Excerpts from a dataset:
>>
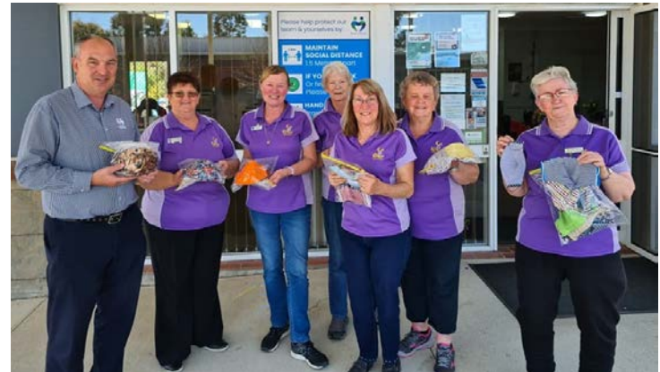
The Tamworth girls presenting the masks they sewed for Meals on Wheels clients.
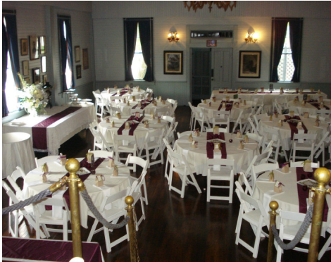
Ballroom is elegant in white table settings or traditional red with deep blue and seats up to 150 guests

Planning an event? The G.A.R. Hall is the perfect place to host showers, meetings, reunions, wedding receptions, graduation parties, and family gatherings!
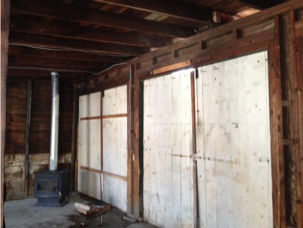
Existing Framing and barn door that will be framed in.
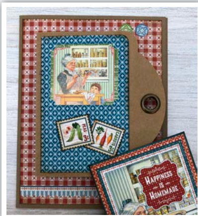
Card #1 - Front Flap
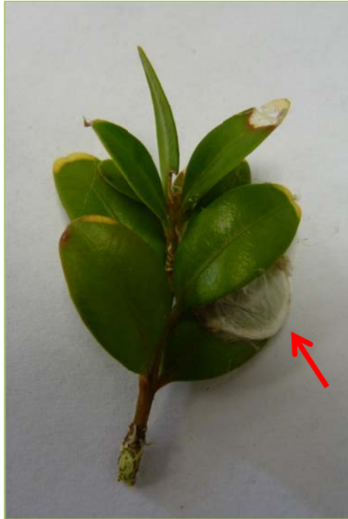
Figure 6. Overwintering cocoon of an immature box tree moth larvae (Red arrow)
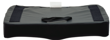
Non slip Bottom on washable, incontinent cover

Product Weight: 3 Lbs / 1.36 Kg (20"W x 20"L)
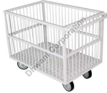
Textile Material Handling Trolley
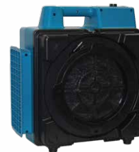
X-2580 NFS13 - Outer Nylon Mesh Filter NFS13 - Nylon Mesh Filter CF35-33 - 1.4" Activated Carbon Filter HEPA35-33 - HEPA 1.4" Filter
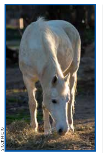
Healthy aged horses are able to digest various nutrients similarly to horses in their prime.

S ure, age is just a number, but human doctors know that's not necessarily the case when it comes to nutrition and nutrient digestibility. So do aged horses follow this same pattern? Does aging correlate with a reduced ability to digest vital nutrients even in healthy horses? That's what an international research team recently sought to find out.
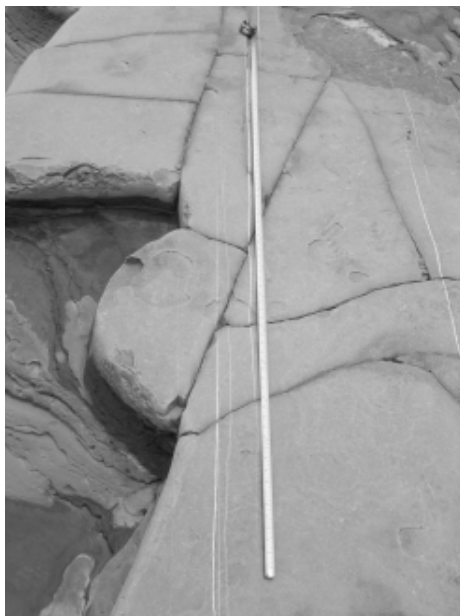
Figure 1: Measurement of the outcrop length l of data point 2 (see text)

Figure 2a shows the density contours of the strike and dip measurements in a Schmidt-net stereo projection (equal area, equatorial projection, lower hemisphere). The average fracture strike is 141.33 (N38.67W), the average dip is 84.33. From the strike direction we infer the orientation of the minimum principal compressive stress (maximum principal tensile stress), \sigma_3 , as being 51.33°. The average aperture (thickness) of the fractures is 0.159 m; the average length is 10.86 m.
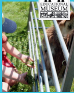
Family event Mill Cottage Farm Thu 29 May 11am-3pm

Help us create a life size baby hippo puppet to raise awareness about climate change. Also have a go at making your own finger puppet.
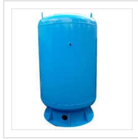
Industrial Air Receiver Tank
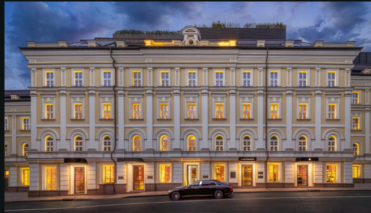
BVLGARI RESIDENCE, MOSCOW
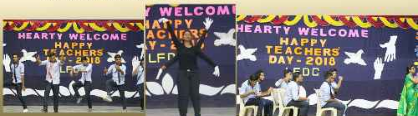
Students regaling the teachers
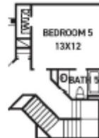
OPT. BEDROOM 5 W/ BATH 5
<<
What are the lines above from the one with "Existing Framing and" to the one with "Figure 2a shows", both included? Reproduce them exactly, without pictures.

Existing Framing and barn door that will be framed in.
Card #1 - Front Flap
Figure 6. Overwintering cocoon of an immature box tree moth larvae (Red arrow)
Non slip Bottom on washable, incontinent cover

Product Weight: 3 Lbs / 1.36 Kg (20"W x 20"L)
Textile Material Handling Trolley
X-2580 NFS13 - Outer Nylon Mesh Filter NFS13 - Nylon Mesh Filter CF35-33 - 1.4" Activated Carbon Filter HEPA35-33 - HEPA 1.4" Filter
Healthy aged horses are able to digest various nutrients similarly to horses in their prime.

S ure, age is just a number, but human doctors know that's not necessarily the case when it comes to nutrition and nutrient digestibility. So do aged horses follow this same pattern? Does aging correlate with a reduced ability to digest vital nutrients even in healthy horses? That's what an international research team recently sought to find out.
Figure 1: Measurement of the outcrop length l of data point 2 (see text)

Figure 2a shows the density contours of the strike and dip measurements in a Schmidt-net stereo projection (equal area, equatorial projection, lower hemisphere). The average fracture strike is 141.33 (N38.67W), the average dip is 84.33. From the strike direction we infer the orientation of the minimum principal compressive stress (maximum principal tensile stress), \sigma_3 , as being 51.33°. The average aperture (thickness) of the fractures is 0.159 m; the average length is 10.86 m.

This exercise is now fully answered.